Marcus Gardley’s “every tongue confess” runs Friday through Aug. 25. The critically acclaimed project is bolstered by a dynamic cast featuring Brookhaven’s Victor Love, Sandy Springs’ Brian Kurlander and Buckhead’s Deborah Bowman.

Director Thomas W. Jones II called the work a “highly theatrical rollercoaster ride that is both provocative and redemptive.”

“People will be healed by this play,” he added.

“every tongue confess” is billed as a fantastical whodunit uncovering the culprit behind a string of summertime church fires in a small Alabama town. The play’s creative brain trust consider it an avenue for bringing to light conflicts around race, faith and family.

The Neighbor Newspapers caught up with Love and Kurlander, among the actors charged with breathing life into the work, a week before opening night.

NN: What attracted you to your respective roles?

Love: “I read the script and immediately knew I had to do the role of Blacksmith. I felt all the longing an actor feels when he hears the voice of a character that resonates with his own inner voice so strongly …”

Kurlander: “Stoker is a very complex character. At face value you take one look at him and you think: ‘Oh yeah, I know this person.

“But when you start diving deeper into the story, what you learn is that no one is really what they seem.”

NN: What can audiences take away from this stage production?

Kurlander: “I think audiences will leave with sore cheeks from smiling and laughing a whole lot.

“But they will also leave asking themselves some fundamental questions about how they love, how they judge and how they forgive.”

NN: What are your thoughts on the state of Atlanta theatre and the larger arts scene?

Love: “Theater in Atlanta is vibrant, alive and powerful. Issues that are not commercially viable for the New York stage or film, but which are part of our Southern metropolis, are done here.
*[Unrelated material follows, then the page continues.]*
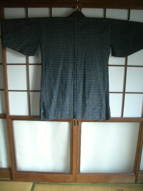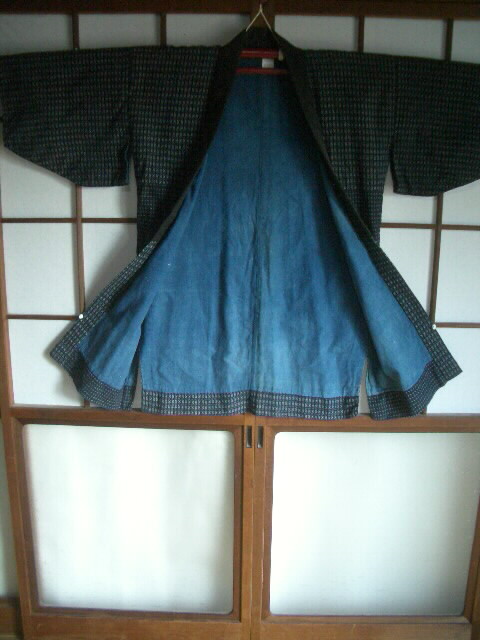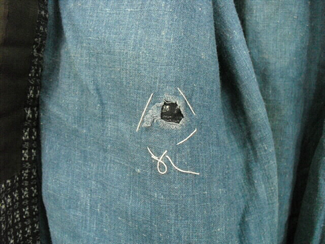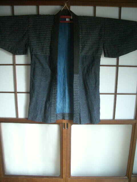 古布 半纏 書生絣(男絣)【素材】 綿【着丈】 88cm【裄丈】 62cm 【袖丈】 32cm (袖口 22cm)【前幅】 25cm 【脇まち】 0cm【後幅】 28cm 【羽裏】 84cm【備考】裏地は藍染め綿生地裏地に破れあり価格 6,800円
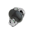 Každý váš pohyb bude nyní doprovázen okouzlujícím zábleskem diamantů, měsíčního kamene šedého a granátu green pečlivě vsazených do nádherného prstenu z 18kt černého zlata. Tento klenot je symbolem elegance a jedinečnosti. Šperk je součástí kolekce Animals.

“I own EVOLV Atlanta Acting and I try to bring some of what every theater community needs … trained professional actors who can meet the demands of such a demanding theater scene.”

“Theater here needs more funding; there is money, but it is not distributed in a way that allows the smaller theaters to pay actors a wage that allows us to live and work in the same way that, say, Chicago or Seattle does.”

Love can next be seen portraying the titular character in “Othello” at the Atlanta Shakespeare Tavern in October.